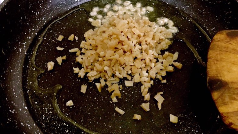 7. 油热后倒入萝卜干末
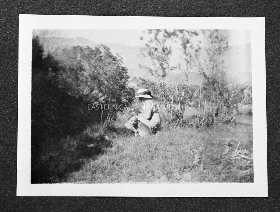 Photo taken of a photo in an album. It is of a woman (possibly Mary Levy?) fishing with a dog at her side.
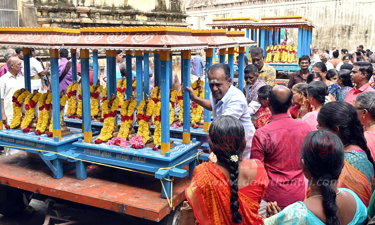 அப்போது வெள்ளிப்பல்லக்கில் விநாயகர், சுப்ரமணியர், சுவாமி, அம்பாள், சண்டிகேஸ்வரர் ஆகிய பஞ்சமூர்த்திகள் எழுந்தருளினர். பின்னர் கோவிலில் அப்பர், சுந்தரர், மாணிக்கவாசகர், திருநாவுக்கரசர் உள்ளிட்ட 63 நாயன்மார்களுக்கு சிறப்பு அபிஷேகம் நடைபெற்றது. இதையடுத்து அலங்கரிக்கப்பட்ட படிச்சட்டங்களில் 63 நாயன்மார்களின் உற்சவர்கள் இரட்டை வீதியுலாவாக ஆதிகும்பேஸ்வரர், நாகேஸ்வரர் கோவில் வீதிகளில் உலா வரும் நிகழ்ச்சி நடந்தது. அப்போது கோவில் யானை மங்களம் முன்னே செல்ல, திருக்குடந்தை சிவனடியார் திருக்கூட்ட தலைவர் நடராஜன் தலைமையில் பக்தர்கள் தேவார திருமுறைகள் பாடியபடி சென்றனர்.
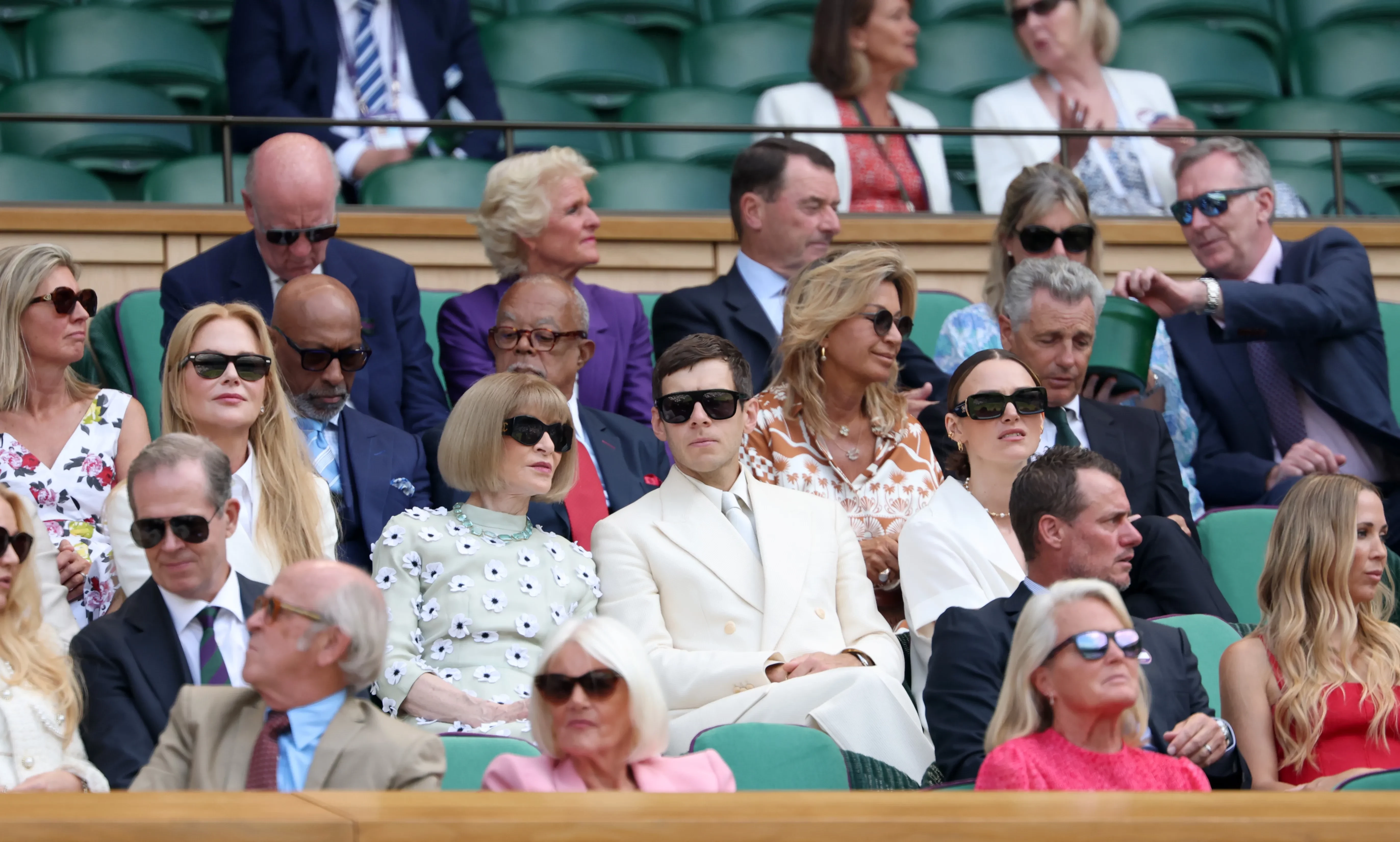 Другими гостями турнира стали Мэттью Макконахи с женой Камиллой, Рами Малек, Бенедикт Камбербэтч с женой Софи Хантер, 75-летняя модель Твигги. Как сообщалось ранее, на трибунах также появились принц Уильям и Кейт Миддлтон с двумя своими старшими детьми. Принцесса Уэльская вручила награду одной из победительниц.

*Task objective*.
Quote the listing above in full, except for the pictures.

*Result*.
 7. 油热后倒入萝卜干末
 Photo taken of a photo in an album. It is of a woman (possibly Mary Levy?) fishing with a dog at her side.
 அப்போது வெள்ளிப்பல்லக்கில் விநாயகர், சுப்ரமணியர், சுவாமி, அம்பாள், சண்டிகேஸ்வரர் ஆகிய பஞ்சமூர்த்திகள் எழுந்தருளினர். பின்னர் கோவிலில் அப்பர், சுந்தரர், மாணிக்கவாசகர், திருநாவுக்கரசர் உள்ளிட்ட 63 நாயன்மார்களுக்கு சிறப்பு அபிஷேகம் நடைபெற்றது. இதையடுத்து அலங்கரிக்கப்பட்ட படிச்சட்டங்களில் 63 நாயன்மார்களின் உற்சவர்கள் இரட்டை வீதியுலாவாக ஆதிகும்பேஸ்வரர், நாகேஸ்வரர் கோவில் வீதிகளில் உலா வரும் நிகழ்ச்சி நடந்தது. அப்போது கோவில் யானை மங்களம் முன்னே செல்ல, திருக்குடந்தை சிவனடியார் திருக்கூட்ட தலைவர் நடராஜன் தலைமையில் பக்தர்கள் தேவார திருமுறைகள் பாடியபடி சென்றனர்.
 Другими гостями турнира стали Мэттью Макконахи с женой Камиллой, Рами Малек, Бенедикт Камбербэтч с женой Софи Хантер, 75-летняя модель Твигги. Как сообщалось ранее, на трибунах также появились принц Уильям и Кейт Миддлтон с двумя своими старшими детьми. Принцесса Уэльская вручила награду одной из победительниц.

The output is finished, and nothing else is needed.